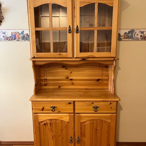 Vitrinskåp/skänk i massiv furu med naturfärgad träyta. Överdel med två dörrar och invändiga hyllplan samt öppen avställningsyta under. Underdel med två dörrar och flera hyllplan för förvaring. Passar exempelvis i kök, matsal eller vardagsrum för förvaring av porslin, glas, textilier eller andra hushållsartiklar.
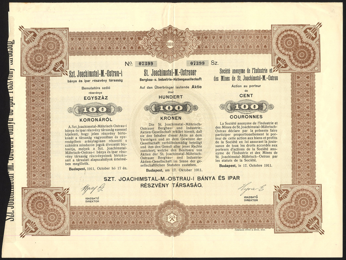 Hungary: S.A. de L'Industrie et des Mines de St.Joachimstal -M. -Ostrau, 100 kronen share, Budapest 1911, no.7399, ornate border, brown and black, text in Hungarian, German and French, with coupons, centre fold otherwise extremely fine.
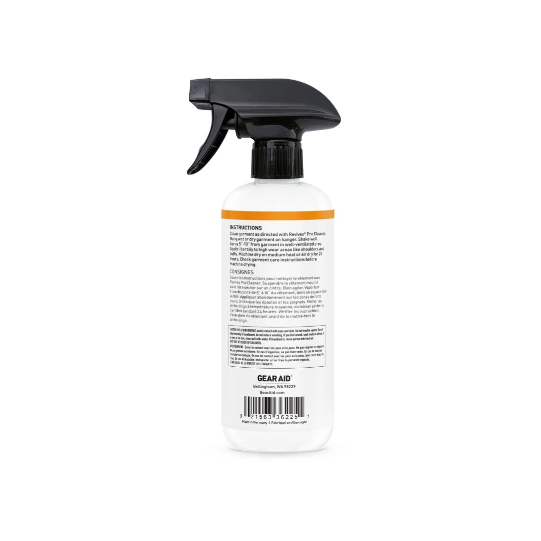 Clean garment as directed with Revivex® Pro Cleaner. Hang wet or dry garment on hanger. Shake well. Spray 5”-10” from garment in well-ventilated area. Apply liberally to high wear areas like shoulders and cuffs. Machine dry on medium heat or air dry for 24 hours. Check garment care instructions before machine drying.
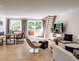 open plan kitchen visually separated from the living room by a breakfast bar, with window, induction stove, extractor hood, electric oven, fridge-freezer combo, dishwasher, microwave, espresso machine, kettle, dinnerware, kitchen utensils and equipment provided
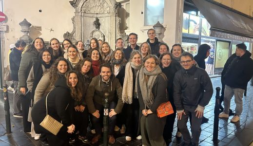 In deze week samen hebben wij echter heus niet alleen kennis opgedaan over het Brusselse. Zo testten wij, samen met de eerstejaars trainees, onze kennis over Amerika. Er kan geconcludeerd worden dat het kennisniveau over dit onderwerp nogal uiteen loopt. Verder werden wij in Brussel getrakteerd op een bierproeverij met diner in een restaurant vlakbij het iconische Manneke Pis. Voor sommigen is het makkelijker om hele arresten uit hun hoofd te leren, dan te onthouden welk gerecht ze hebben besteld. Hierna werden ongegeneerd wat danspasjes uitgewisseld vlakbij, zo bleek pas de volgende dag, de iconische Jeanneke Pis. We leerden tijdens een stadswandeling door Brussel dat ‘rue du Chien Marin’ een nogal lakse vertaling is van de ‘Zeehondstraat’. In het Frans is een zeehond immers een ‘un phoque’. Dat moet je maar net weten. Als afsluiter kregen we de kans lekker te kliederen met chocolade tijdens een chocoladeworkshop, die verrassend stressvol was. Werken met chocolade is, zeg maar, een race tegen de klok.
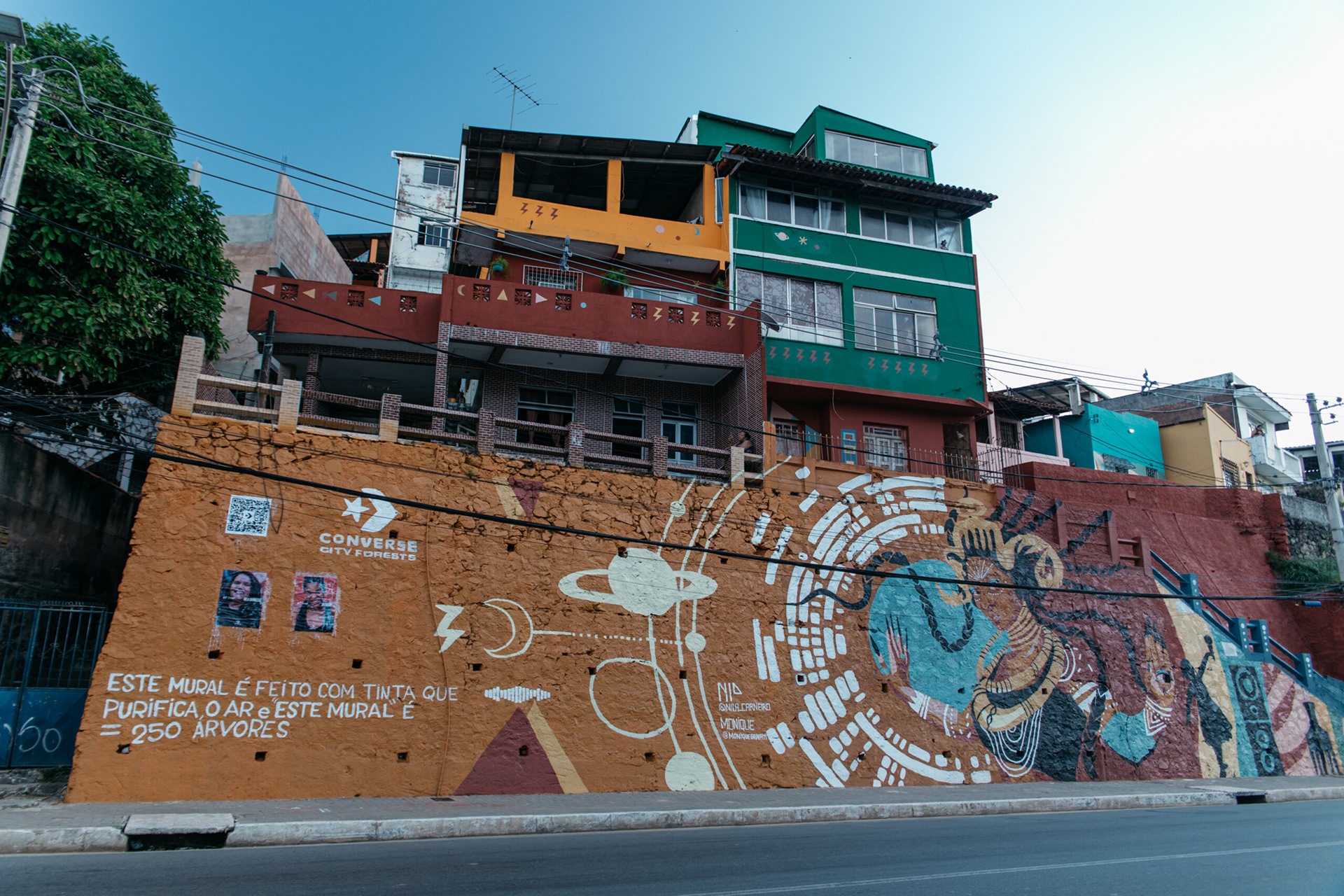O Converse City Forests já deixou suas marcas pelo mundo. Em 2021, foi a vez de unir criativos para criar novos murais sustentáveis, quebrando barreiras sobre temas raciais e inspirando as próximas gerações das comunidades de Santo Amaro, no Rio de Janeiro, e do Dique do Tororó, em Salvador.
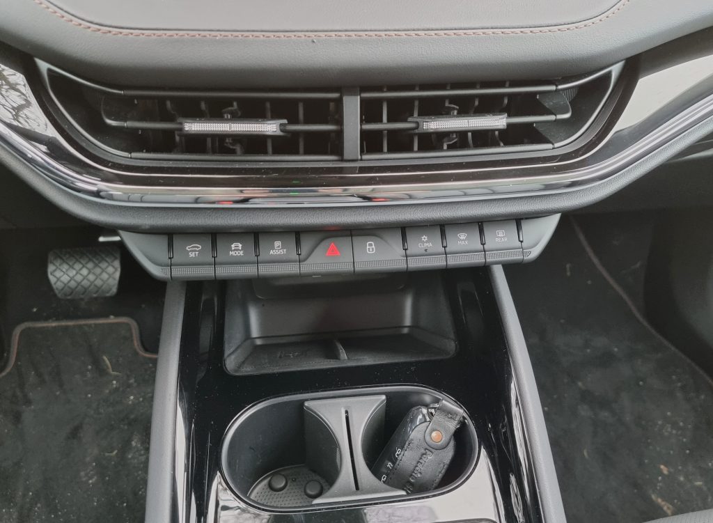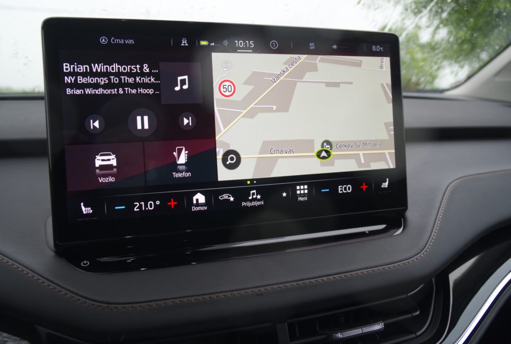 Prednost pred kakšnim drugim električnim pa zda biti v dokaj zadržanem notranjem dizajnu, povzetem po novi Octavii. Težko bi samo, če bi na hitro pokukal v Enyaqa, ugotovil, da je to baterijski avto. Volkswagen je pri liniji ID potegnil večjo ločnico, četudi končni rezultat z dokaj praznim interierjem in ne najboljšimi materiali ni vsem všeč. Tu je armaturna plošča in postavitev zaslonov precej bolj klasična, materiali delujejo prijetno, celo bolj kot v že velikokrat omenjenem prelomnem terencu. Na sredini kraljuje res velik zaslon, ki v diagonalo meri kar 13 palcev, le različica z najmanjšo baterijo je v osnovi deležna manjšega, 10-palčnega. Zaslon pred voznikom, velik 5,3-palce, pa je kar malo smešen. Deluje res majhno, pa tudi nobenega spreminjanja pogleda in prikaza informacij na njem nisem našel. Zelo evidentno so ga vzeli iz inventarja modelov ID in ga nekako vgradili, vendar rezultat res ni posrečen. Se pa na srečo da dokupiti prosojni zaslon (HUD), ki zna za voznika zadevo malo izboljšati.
+---+
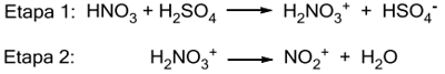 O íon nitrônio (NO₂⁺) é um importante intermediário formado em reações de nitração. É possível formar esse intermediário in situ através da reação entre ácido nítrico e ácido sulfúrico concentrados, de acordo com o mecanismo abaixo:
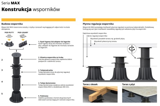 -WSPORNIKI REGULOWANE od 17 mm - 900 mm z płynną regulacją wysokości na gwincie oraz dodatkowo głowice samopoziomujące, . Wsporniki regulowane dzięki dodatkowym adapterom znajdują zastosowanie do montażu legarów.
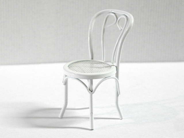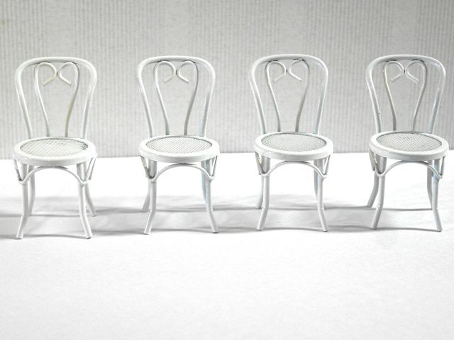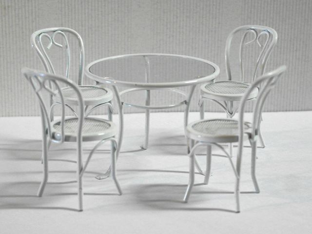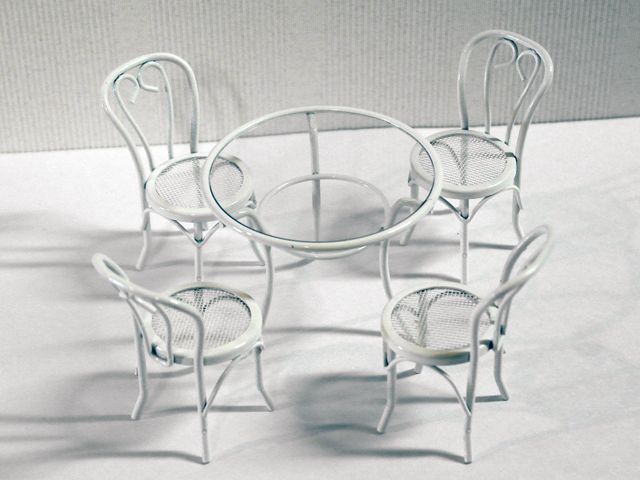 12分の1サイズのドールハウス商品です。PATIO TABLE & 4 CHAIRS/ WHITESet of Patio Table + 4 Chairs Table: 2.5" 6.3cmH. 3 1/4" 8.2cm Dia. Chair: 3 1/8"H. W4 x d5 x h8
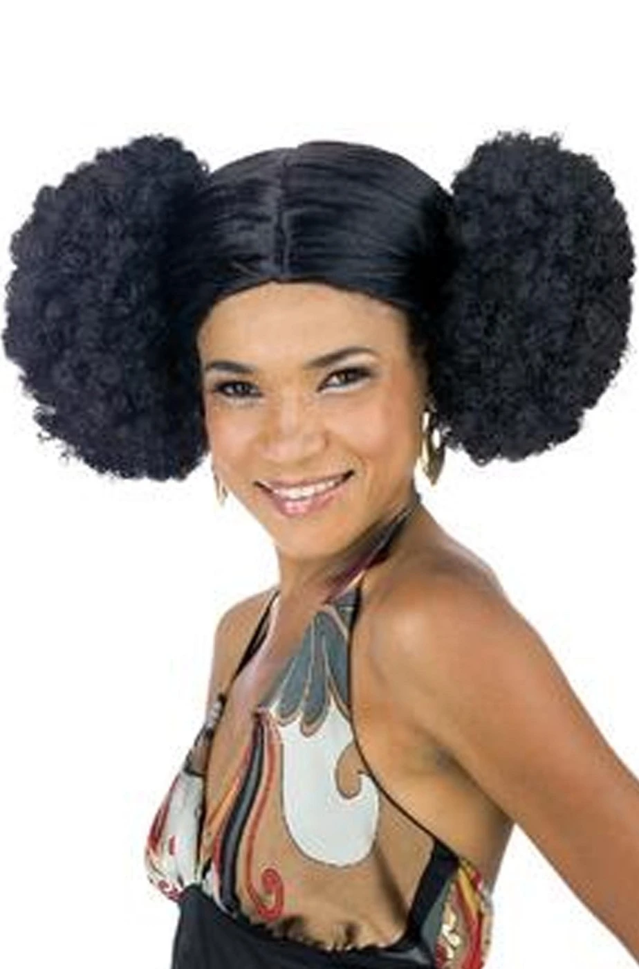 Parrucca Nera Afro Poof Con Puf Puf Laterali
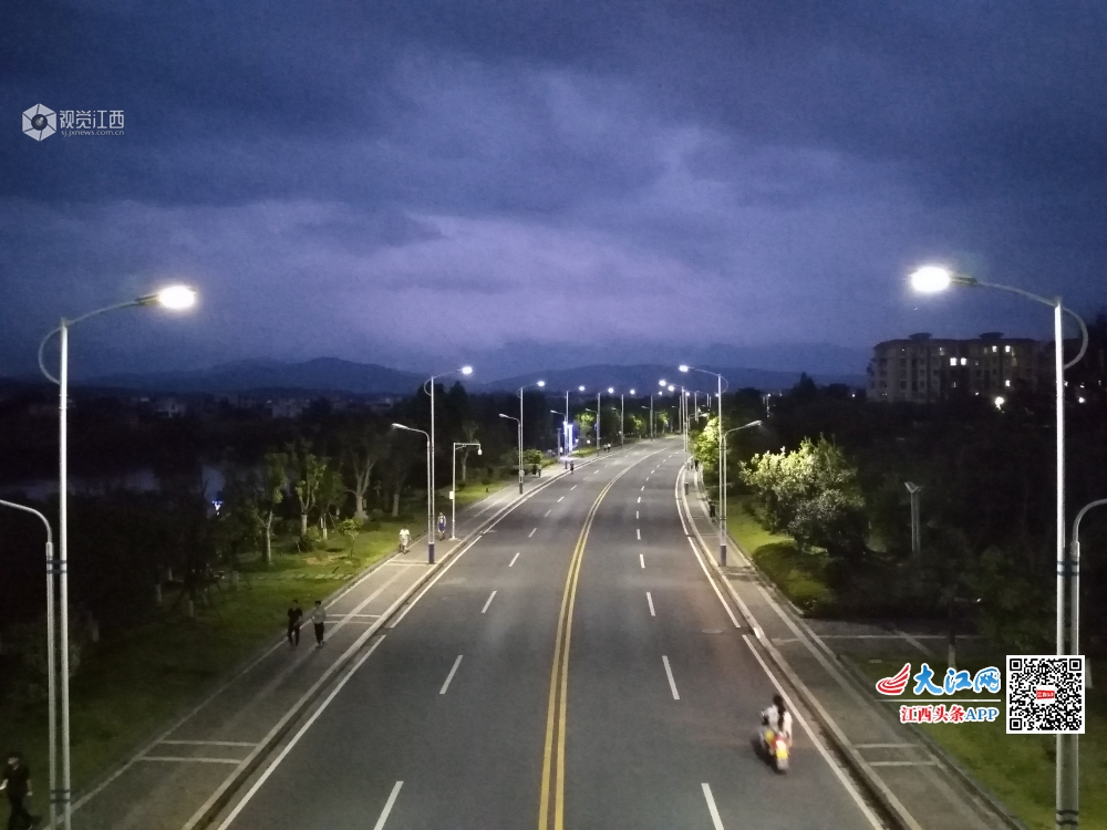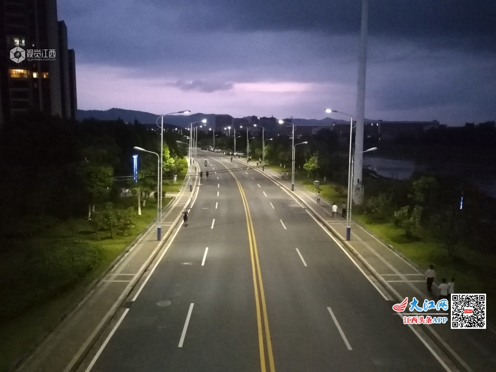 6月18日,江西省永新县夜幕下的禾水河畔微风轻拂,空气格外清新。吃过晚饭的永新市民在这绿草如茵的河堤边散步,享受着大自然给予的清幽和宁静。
+---+
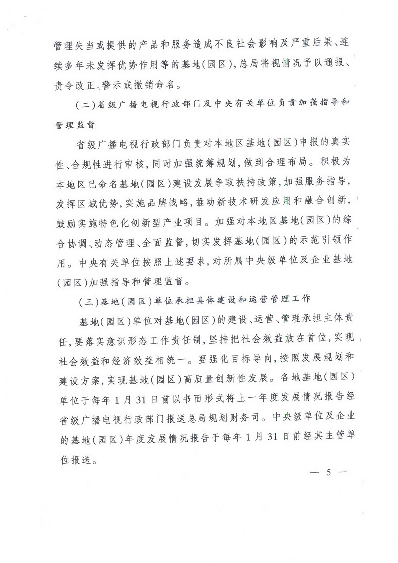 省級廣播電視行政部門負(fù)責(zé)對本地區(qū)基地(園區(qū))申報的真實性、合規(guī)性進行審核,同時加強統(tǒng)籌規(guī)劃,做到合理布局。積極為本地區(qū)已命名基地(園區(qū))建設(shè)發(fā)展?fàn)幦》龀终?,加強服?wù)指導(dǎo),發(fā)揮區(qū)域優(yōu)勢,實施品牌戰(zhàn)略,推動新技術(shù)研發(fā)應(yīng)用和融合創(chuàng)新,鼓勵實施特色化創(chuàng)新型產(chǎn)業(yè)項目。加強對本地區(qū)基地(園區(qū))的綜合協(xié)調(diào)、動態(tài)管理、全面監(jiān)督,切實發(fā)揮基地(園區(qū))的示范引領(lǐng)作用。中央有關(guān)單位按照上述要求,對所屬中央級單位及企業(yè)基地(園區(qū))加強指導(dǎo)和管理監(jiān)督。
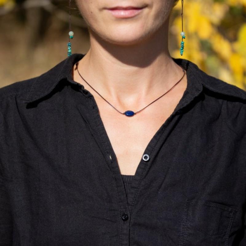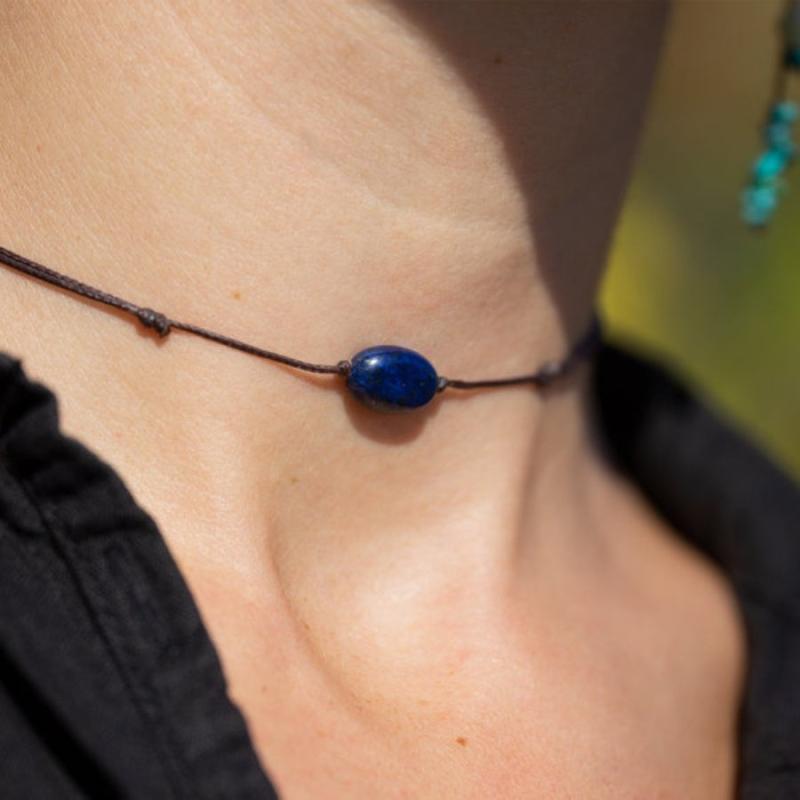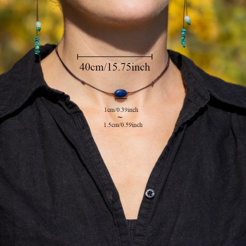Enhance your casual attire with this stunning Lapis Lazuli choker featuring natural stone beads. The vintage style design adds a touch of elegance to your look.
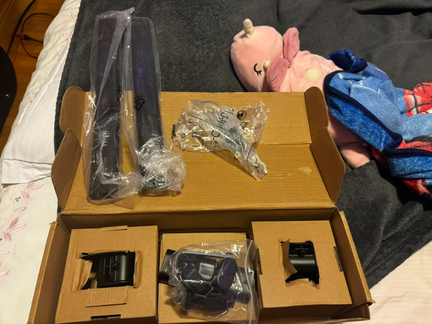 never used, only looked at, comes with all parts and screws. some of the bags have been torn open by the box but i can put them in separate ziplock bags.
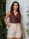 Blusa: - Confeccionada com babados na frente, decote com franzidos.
+---+
> What the task requires:
Working from the entries above, reproduce exactly and only the lines beginning with the line that has "Vitrinskåp/skänk i massiv" and ending with the line that has "open plan kitchen"; omit all pictures.

> Written solution:
 Vitrinskåp/skänk i massiv furu med naturfärgad träyta. Överdel med två dörrar och invändiga hyllplan samt öppen avställningsyta under. Underdel med två dörrar och flera hyllplan för förvaring. Passar exempelvis i kök, matsal eller vardagsrum för förvaring av porslin, glas, textilier eller andra hushållsartiklar.
 Hungary: S.A. de L'Industrie et des Mines de St.Joachimstal -M. -Ostrau, 100 kronen share, Budapest 1911, no.7399, ornate border, brown and black, text in Hungarian, German and French, with coupons, centre fold otherwise extremely fine.
 Clean garment as directed with Revivex® Pro Cleaner. Hang wet or dry garment on hanger. Shake well. Spray 5”-10” from garment in well-ventilated area. Apply liberally to high wear areas like shoulders and cuffs. Machine dry on medium heat or air dry for 24 hours. Check garment care instructions before machine drying.
 open plan kitchen visually separated from the living room by a breakfast bar, with window, induction stove, extractor hood, electric oven, fridge-freezer combo, dishwasher, microwave, espresso machine, kettle, dinnerware, kitchen utensils and equipment provided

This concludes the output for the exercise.